The Swiss bourse says it will no longer actively seek listings for the New Market, which has failed to bring any new firms on board since 2000, the year after it was set up. All marketing and communications activities have been suspended.
"The market is very bad right now and there is no hope that we will see further initial public offerings in the next few months," Leo Hug, spokesman for the Swiss stock exchange told swissinfo.
Analysts say the SWX is effectively allowing the alternative market to die a slow death, in the face of collapsing share prices on the world's major bourses. Recent efforts by the SWX to persuade companies in Switzerland and abroad to list on the New Market have proved futile.
"We had talks with the companies listed on the New Market and we had the impression that some were thinking of moving to other exchanges.

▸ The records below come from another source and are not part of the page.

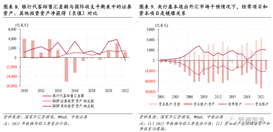在央行外汇市场干预常态化情况下,银行结售汇顺差会转化为外汇储备,中国外汇储备余额最高曾升至2014年6月份的近四万亿美元。而2018年以来,由于央行已经基本退出外汇市场干预,因此银行结售汇顺差并没有导致外汇储备大幅增加,而是转变为银行持有的外汇头寸,流量会被借记国际收支平衡表中银行部门对外资本输出增加,存量会被记为国际投资头寸表中银行部门对外金融资产增加,二者均反映为资本外流。2020年至2022年三季度(目前国际收支平衡表正式数据只公布到2022年三季度),证券投资、其他投资的资产净获得累计值分别为4292亿、6555亿美元(见图表8)。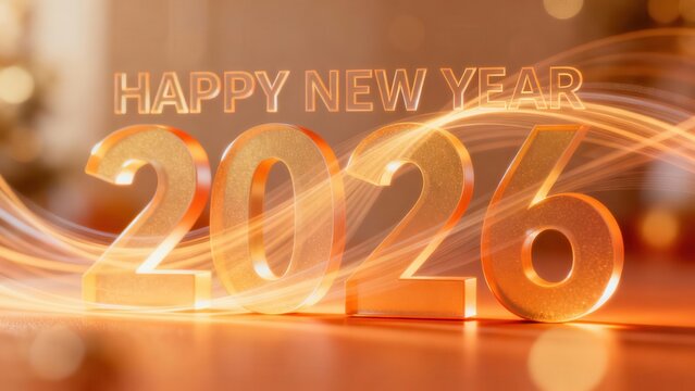 Happy New Year 2026 golden numbers, elegant and celebratory, announcing the new year, against a blurred bokeh background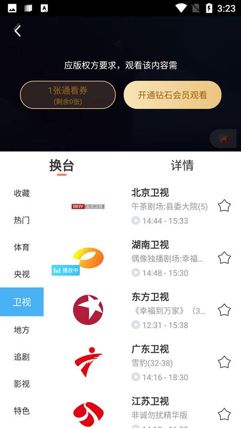 5、有些电视台需要会员才能观看,每个人都可以选择观看。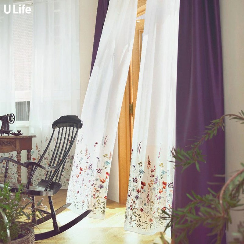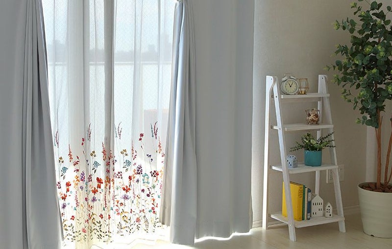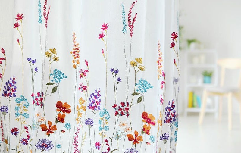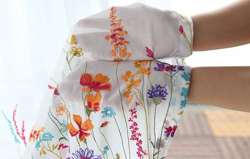 カラフルな刺繍の上品なレースカーテン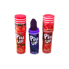 O Piu Up se destaca pelo design único do pirulito, que pode ser encaixado no dedo, tornando a experiência de saborear o doce ainda mais divertida e envolvente para as crianças. Este formato inovador estimula momentos de entretenimento e descontração, perfeito para festas ou brincadeiras.
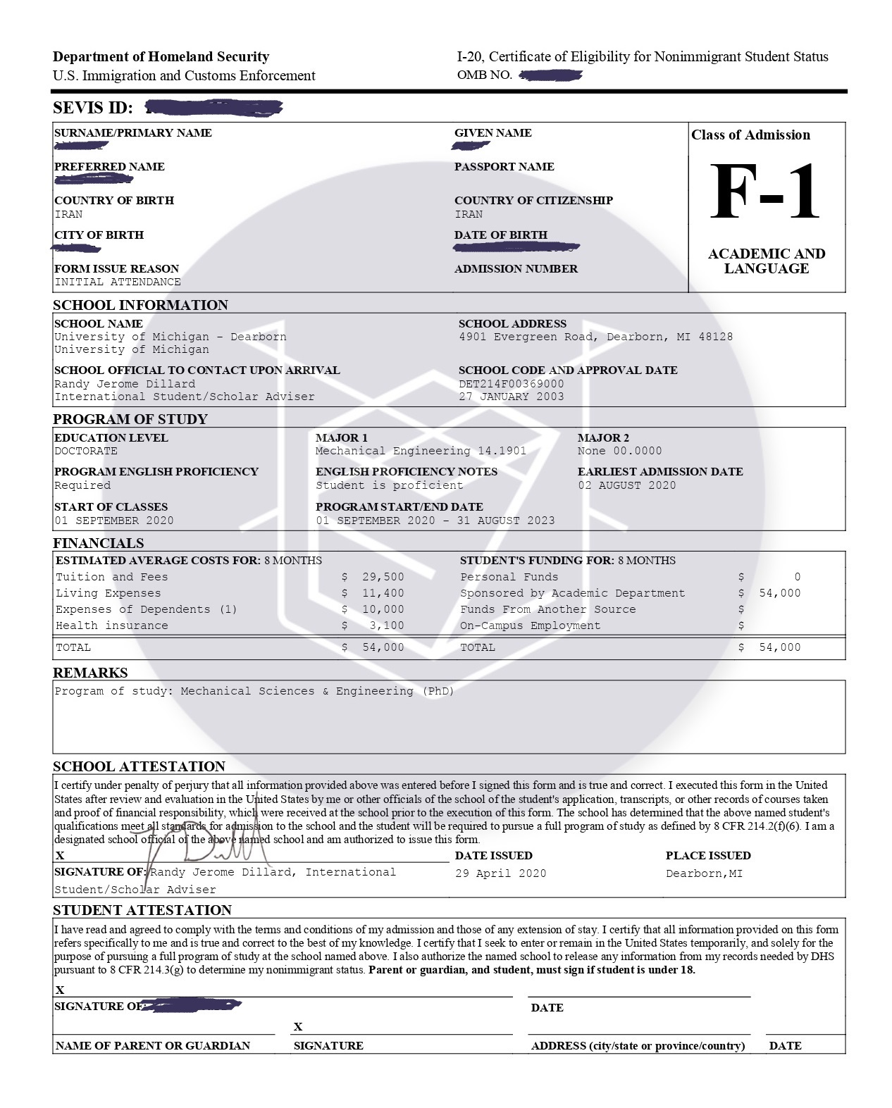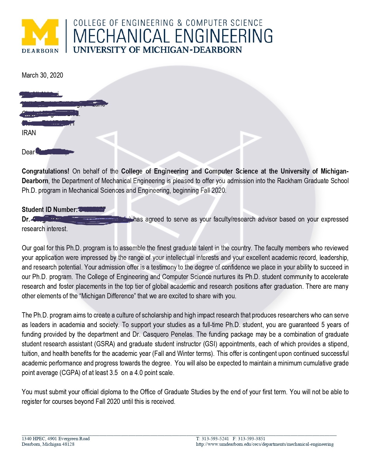 اخذ پذیرش توسط تیم «ایزی اپلای» در مقطع دکترا در رشته مهندسی مکانیک از دانشگاه « Michigan Dearborn» آمریکا برای ترم پاییز 2020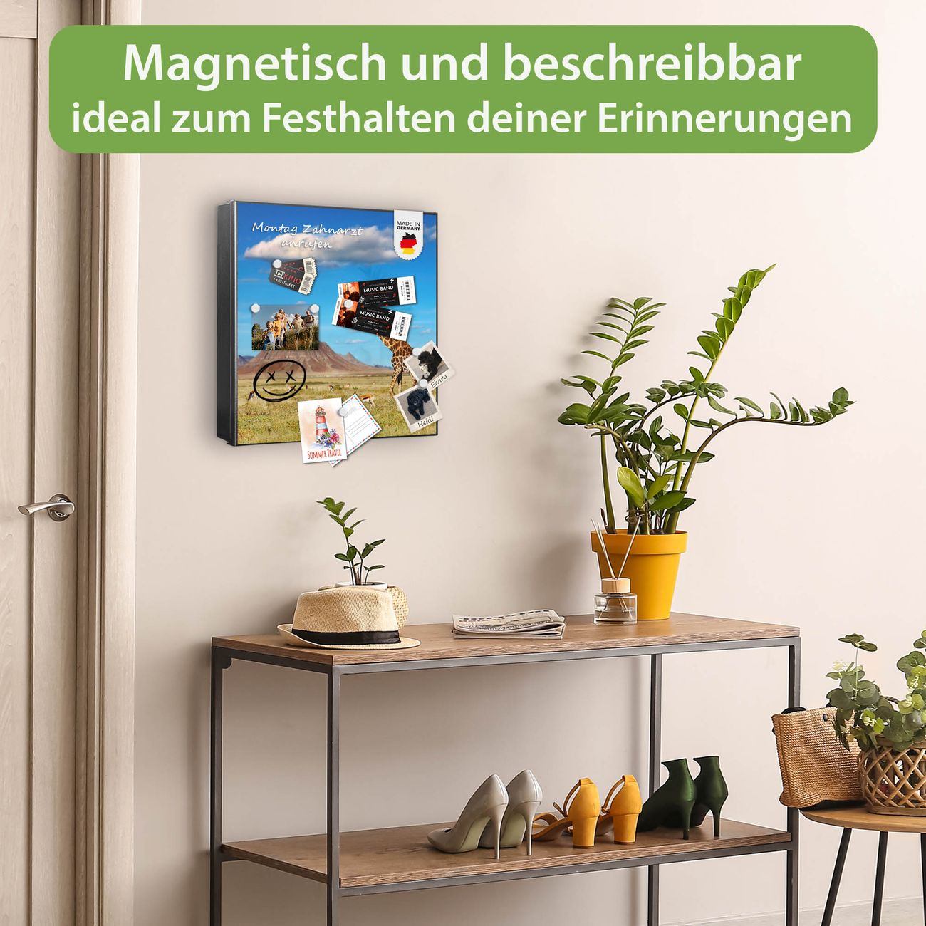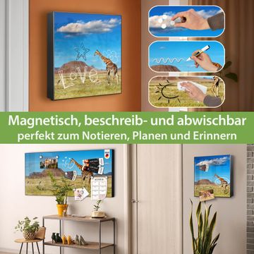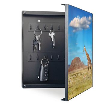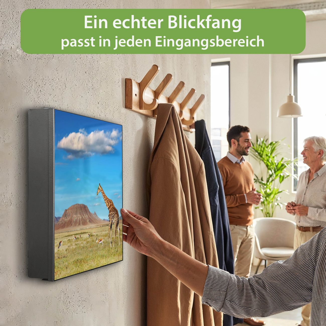 Bringe Ordnung und Eleganz in deinen Eingangsbereich mit dem banjado Schlüsselkasten Motiv Motiv Giraffe. Die moderne Schlüsselbox kombiniert funktionales Design mit hochwertiger Verarbeitung und wird so zu einem echten Hingucker in Flur, Büro oder Ferienwohnung. ✅ Stilvolle Schlüsselaufbewahrung mit Glasfront im Motiv Motiv Giraffe Der Design-Schlüsselkasten Motiv Motiv Giraffe bietet Platz für bis zu 50 Schlüssel, die auf 5 stabilen Reihen mit je 10 Haken übersichtlich verstaut werden. Mit seinen kompakten Maßen von 30 x 30 x 5 cm passt die Schlüsselbox perfekt auch in kleinere Räume. Der schwarz lackierte Stahlkorpus mit rechts angeschlagenem Türscharnier harmoniert mit der Glasfront und fügt sich nahtlos in jedes Wohnambiente ein. Ob als Schlüsselorganizer für Zuhause oder als praktische Lösung für Büros, Praxen und Gewerbe, der banjado Schlüsselkasten sorgt für Ordnung und Übersicht. Dank der magnetischen, mit Kreidestiften beschreibbaren Glasfront kannst du Notizen anheften oder Termine direkt auf der Oberfläche festhalten. Die Schlüsselbox Motiv Motiv Giraffe zur Wandmontage wird inklusive Befestigungsmaterial geliefert und ist schnell angebracht. So hast du deine Schlüssel jederzeit griffbereit und zugleich stilvoll verstaut. Mit diesem banjado Schlüsselkasten Motiv Motiv Giraffe kombinierst du praktische Aufbewahrung mit stilvollem Wohndesign. Ob privat oder geschäftlich, die Schlüsselbox sorgt für mehr Ordnung, Übersicht und ein wohnliches Ambiente.Vorteile im Überblick
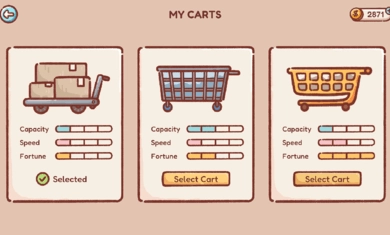 通过完成任务、赚取金币,解锁新的零食品类,还能升级购物车与自动售货机。

Therefore it didn't make sense to go on with our marketing activities," Hug said.
The 15 firms quoted on the New Market - seven of which are foreign - are expected to seek to move their listings to the main exchange.
The SWX accompanied the move with an announcement that it intended to overhaul all of its share trading segments with the aim of "allocating the listed companies to special marketing segments".
It added that the determining factor in deciding where to place a particular firm would not, as in the past, be decided by regulatory differences, "but instead other criteria such as industry grouping and performance".
The New Market was launched to great fanfare in 1999 as an alternative to Germany's Neuer Markt and the US's Nasdaq. The aim was to provide new Swiss firms with access to the capital market, and to encourage promising foreign firms to list in Zurich.
The New Market managed to attract a total of 17 firms, one of which - Miracle - went bust and the other, Card Guard, was moved to a different trading segment.
The SWX was cheered by the performance of its pan-European blue chip platform, Virt-x, which turned a profit for the first time since it was set up a year ago.
Virt-x was created last year by the merger of the Swiss exchange's blue chip segment and the loss-making British exchange, Tradepoint. Swiss blue chips account for seven per cent of European blue chip trading.
The platform turned a profit of £2.56 million (SFr5.9 million) in the first half compared with a loss of £4.2 million for the second half of 2001.
It narrowly failed to reach its first year target to win ten per cent of trade in Europe's top 600 stocks but secured a 9.2 per cent market share in the second quarter.